[llvm-commits] [llvm] r77903 - in /llvm/trunk: include/llvm/Intrinsics.td include/llvm/IntrinsicsBlackfin.td lib/Target/Blackfin/BlackfinInstrInfo.td test/CodeGen/Blackfin/load-intr.ll test/CodeGen/Blackfin/sync-intr.ll

Sun Aug 2 12:40:23 PDT 2009

On Sun, Aug 2, 2009 at 11:28 AM, Jakob Stoklund Olesen<stoklund at 2pi.dk> wrote:
> +let TargetPrefix = "bfin" in {
> +
> +  // Almost identical to ctpop except for the type signature
> +  def int_bfin_ones : GCCBuiltin<"__builtin_bfin_ones">,
> +          Intrinsic<[llvm_i16_ty], [llvm_i32_ty], [IntrNoMem]>;
> +
> +  // Load unaligned pointer, ignoring the low bits.

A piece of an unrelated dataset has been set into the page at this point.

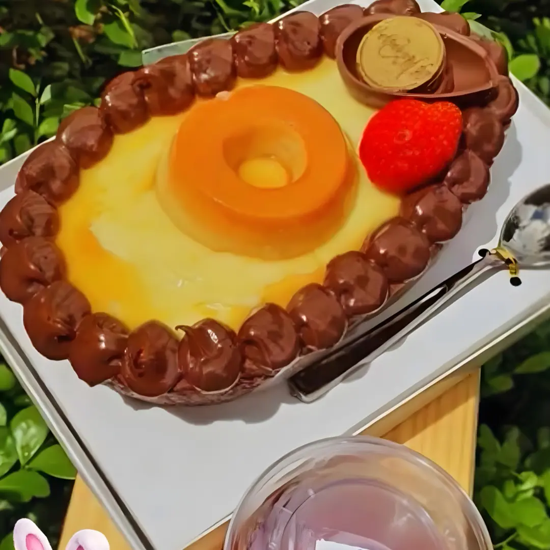 Recheado com um pudim cremoso e irresistível, cada colherada entrega textura leve e aquele sabor caseiro que remete às melhores lembranças. Para finalizar, o ovo acompanha um pudim individual por cima, tornando a experiência ainda mais especial e visualmente encantadora.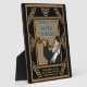 For the significant people in your life, give this very special remembrance during this year's "Days of Awe": A glossy, stand-alone plaque featuring an original digital painting by artist, Leslie Sigal Javorek, that portrays an Art Deco inspired faux picture frame in black and gold, rendering of a Rabbi blowing the Shofar that has a 3-d illusion, transliteration of the Hebrew traditional greeting, PLUS 3 customizable lines of text. (limitation of 20 characters per line).

Like *(p&~3).
> +  // This uses the disalignexcpt instruction
> +  def int_bfin_loadbytes : GCCBuiltin<"__builtin_bfin_loadbytes">,
> +          Intrinsic<[llvm_i32_ty], [llvm_ptr_ty], [IntrReadArgMem]>;
> +
> +}

If it's easy to represent the behavior of an intrinsic on top of
current IR instructions, we generally prefer to do that rather than
add intrinsics.  __builtin_bfin_ones is equivalent to truncating the
result of a ctpop, and __builtin_bfin_loadbytes is equivalent to
masking the argument pointer, then loading from it.  The reason for
preferring this is that the transformation passes can reason much more
accurately about the behavior of these intrinsics.  We can
constant-fold ctpop, but transformation passes don't have any clue
what calculation a __builtin_bfin_ones does.  If we can prove the
argument to a masked load is 4-byte aligned, we can eliminate the mask
instruction, but transformation passes don't have any clue what memory
a __builtin_bfin_loadbytes reads from.

See llvm-i386.cpp for examples of how this is done.

-Eli